# WHAT YOU NEED TO DO:
Drop the pictures and restate the rest of the listing word for word.

# DATA BLOCK:
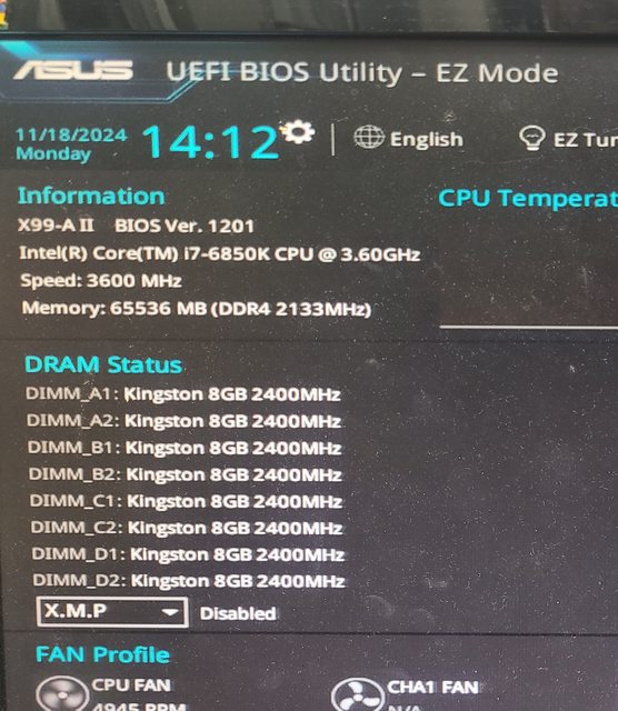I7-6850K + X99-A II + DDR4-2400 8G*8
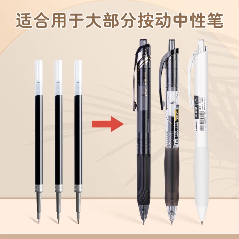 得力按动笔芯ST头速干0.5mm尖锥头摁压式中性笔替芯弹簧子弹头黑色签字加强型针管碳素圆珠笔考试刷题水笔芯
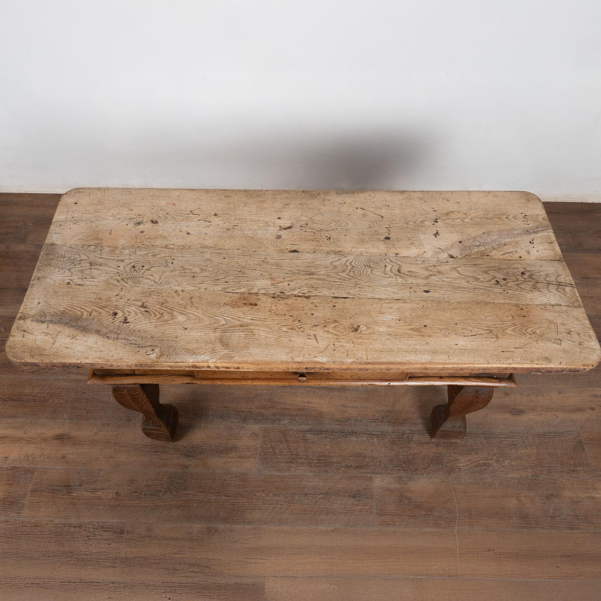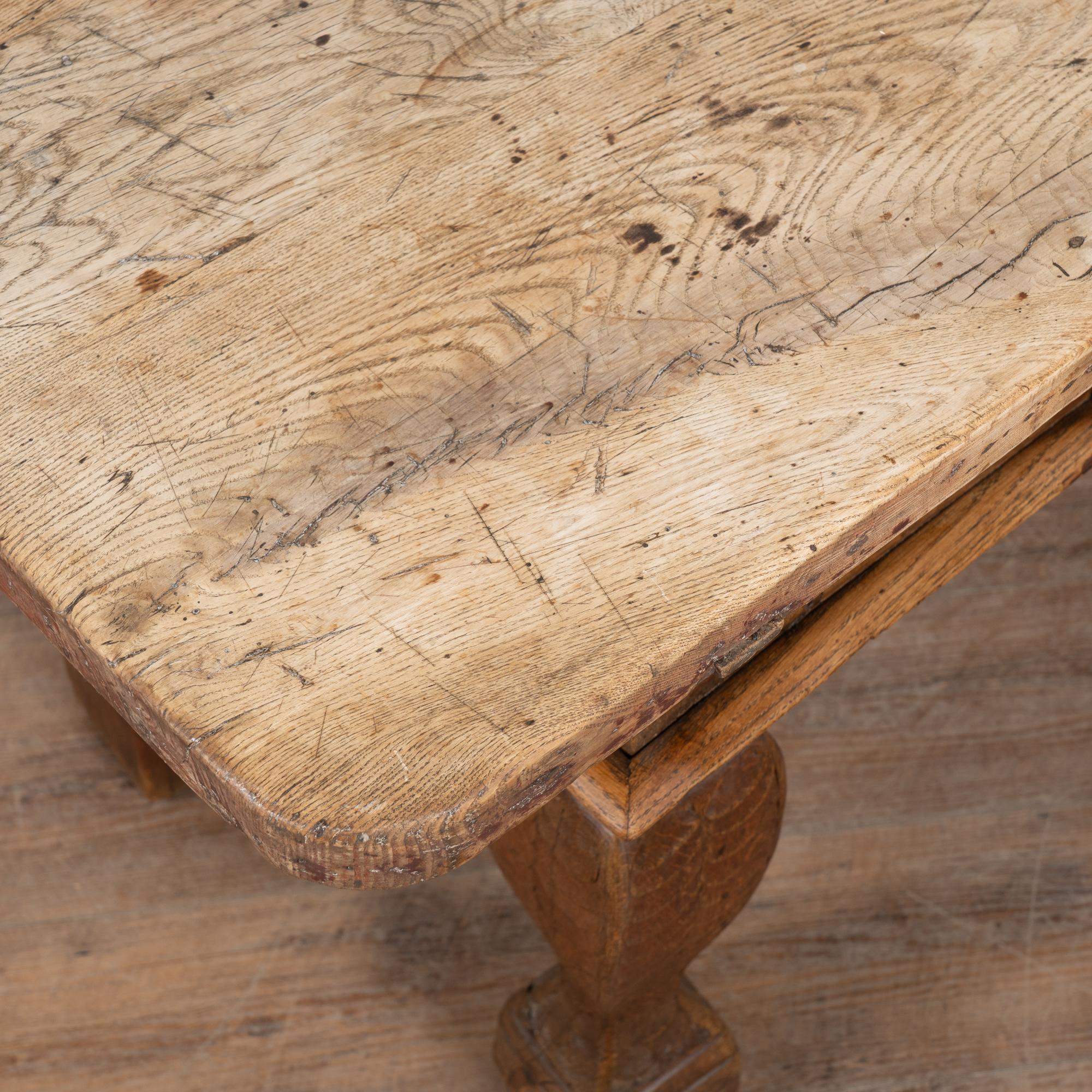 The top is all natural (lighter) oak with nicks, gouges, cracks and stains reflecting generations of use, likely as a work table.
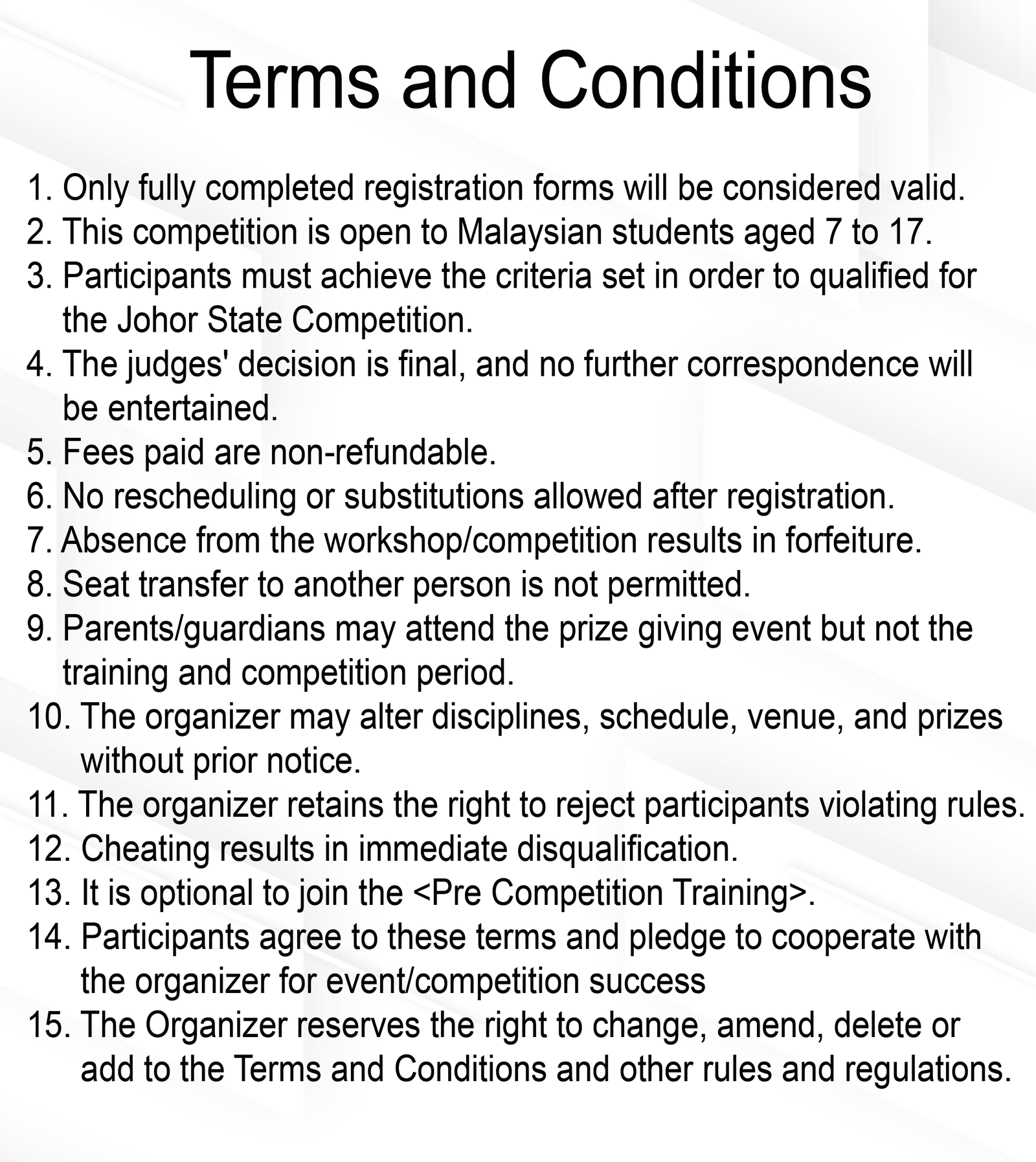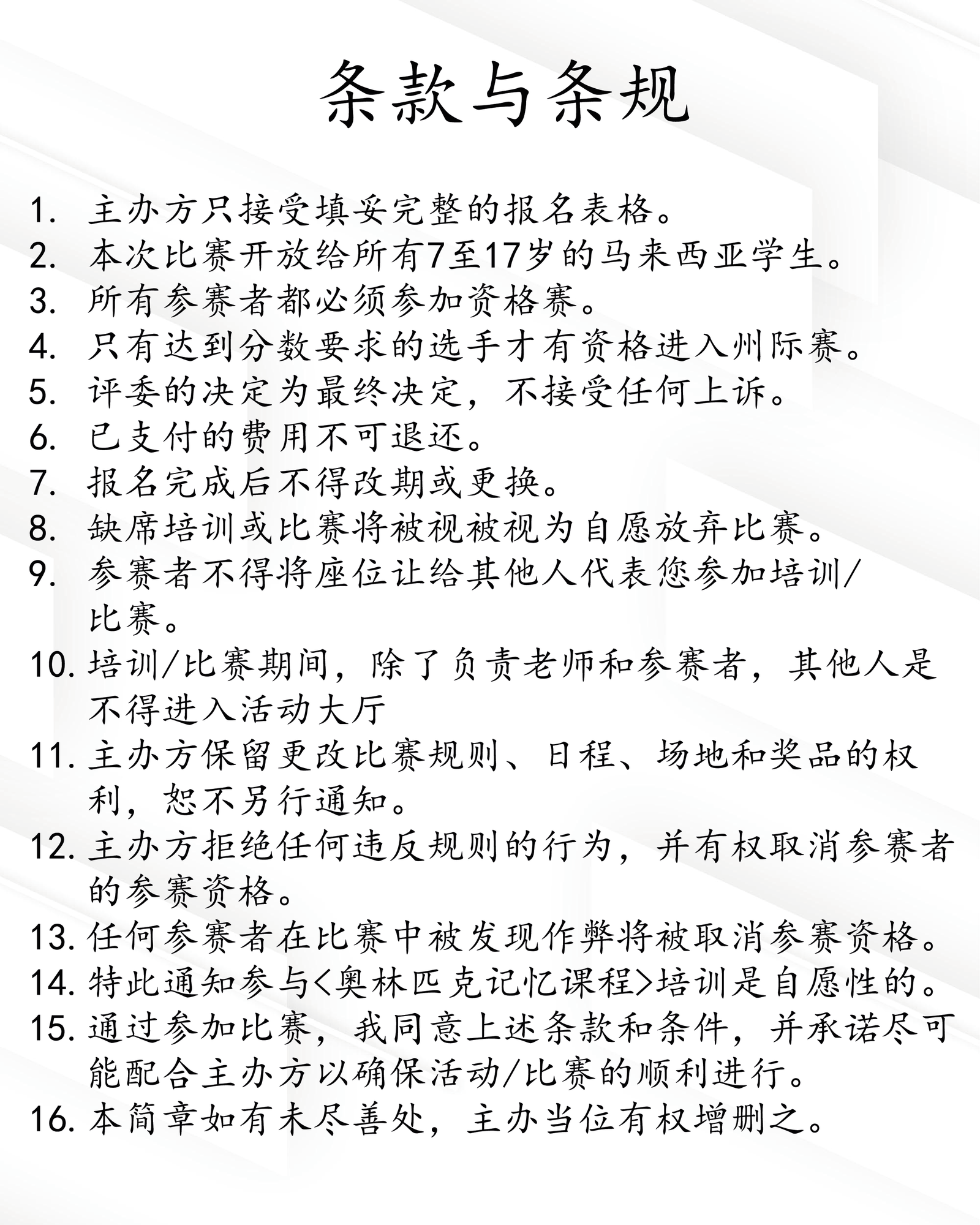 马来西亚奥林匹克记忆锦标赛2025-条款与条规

# ANSWER BOX:
I7-6850K + X99-A II + DDR4-2400 8G*8
 得力按动笔芯ST头速干0.5mm尖锥头摁压式中性笔替芯弹簧子弹头黑色签字加强型针管碳素圆珠笔考试刷题水笔芯
 The top is all natural (lighter) oak with nicks, gouges, cracks and stains reflecting generations of use, likely as a work table.
 马来西亚奥林匹克记忆锦标赛2025-条款与条规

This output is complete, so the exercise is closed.